Остался и другой должок. Еще в субботу 31 марта я заступил за Останина смену на Уткиной Даче, на условии, что он отдаст мне 25 рублей (столько стоило суточное дежурство). Он с долгом тянул, я не настаивал, но перед самым отъездом просил его при первой же возможности передать деньги тёще, жившей на грошевую пенсию. Останин обещал, но возможность так и не наступила. В 1994 году, впервые отправляясь в пенаты, я решил, что при встрече в шутку напомню Останину об этом долге. Скажу вдобавок, что долг вырос. При нашей эмиграции за доллар давали 56 копеек; это превращало 25 рублей в $44.64; уже неплохо; к 1994 году сумма, исходя из трех процентов(по английским ставкам), возвышалась до $59.99, а из десяти процентов (по русским) — до $127.36 доходила. Раз уж я еврей, останусь им до конца; какой же еврей — не процентщик? Но судьба в тот год нас не свела. А когда свела несколько лет спустя (тещи уже не было в живых), я увидел, что забыл важную черточку этого замечательного человека: с чувством юмора у Останина трудности; не оценит шутку… Ну, и решил: пусть себе мой еврейский счетчик продолжает щелкать сам по себе в моем уединении — как ходики; никому ведь не мешает. Сейчас, когда пишу, из трех процентов там уже $90.74 выходит, а из десяти — $439.69 получается. К 2066 году, накануне моего 120-летия (у евреев принято желать в день рождения: ад меа вэ-эсрим: до ста двадцати), мы с тещей наконец-то разбогатеем: сможем взыскать с Останина $110643.64, причем на этих 64-х центах я принципиально настаивать не буду. А уж в 3000 году сумма и вообще сделается солидной:
$55729480138502900000000000000000000000000000.64
Предчувствую, однако, что к 3000 году мелочная моя злоба иссякнет. Тут счетчик свой я выключу, долг Останину прощу, мы с ним воскликнем: «Русский с евреем — братья навек» и, под мелодию, Обнимитесь, миллионы, обнимемся.
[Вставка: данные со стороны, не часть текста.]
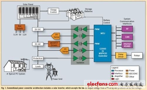 电源逆变器是太阳能发电系统的关键电子组件。在商业应用中,这些组件连接光伏(PV)面板、储存电能的电池以及本地电力分配系统或公用事业电网。图1显示的是一个典型的太阳能逆变器,它把来自光伏阵列输出的极低的直流电压转换成电池直流电压、交流线路电压和配电网电压等若干种电压。

В Москву пришлось мне ехать еще раз, теперь — по делу: отдать в голландском консульстве мои дипломы (большевики их вывозить не разрешали, однако ж не мешали это делать через голландцев) и, что было в тысячу раз важнее всех дипломов на свете, мои стихи: ту самую Рептильную лиру. Дипломы я сдал в обычном порядке, а за стихами ко мне вышла из консульства девочка, хорошо говорившая по-русски. Мы перемолвились несколькими словами. Чиновница — вела себя как человек! Рассказала, что жила несколько месяцев в Израиле, работала в кибуце… Всё переданное ей в руки дошло, спасибо ей; хотя и через отказницкие круги я послал фотографическую копию (спасибо скептику Сене Фрумкину).
К 11 июня мы не уехали. С Таней приключился гипертонический криз. Нам дали недельную отсрочку — и 17 июня это состоялось: необратимое событие всей жизни, отбытие на Марс. «Был скрипач Пали Рач — и нет его…» С родными и друзьями прощались навсегда… Рождение; свадьба; рождение первого ребенка; эмиграция; смерть — что еще в этот ряд поставишь?
…Регина Серебряная, библиотекарша на фабрике Большевичка, организовавшая в 1970 году литературный кружок Кушнера, шутку ценила и посмеяться умела. Каламбурили мы в компании на все лады. Подсмеиваясь надо мною в связи с чем-то, она выдала экспромтом: «Я Колкер здешний!» — и сама себе удивилась. Я подхватил этот веселый вздор. Посыпались вариации: «Не Колкер бушует над бором…», «Над седой равниной моря Колкер тучи разгоняет, между тучами и морем гордо реет Голда Меир, черной гадине подобна…», но всё это меркло рядом со случайной обмолвкой Регины; в ней, в обмолвке, что-то было невыразимо смешное, по крайней мере для нас тогдашних. И вот — это кончилось, притом навсегда. В один прекрасный день, 17 июня 1984 года, из Колкера здешнего я стал Колкером тамошним.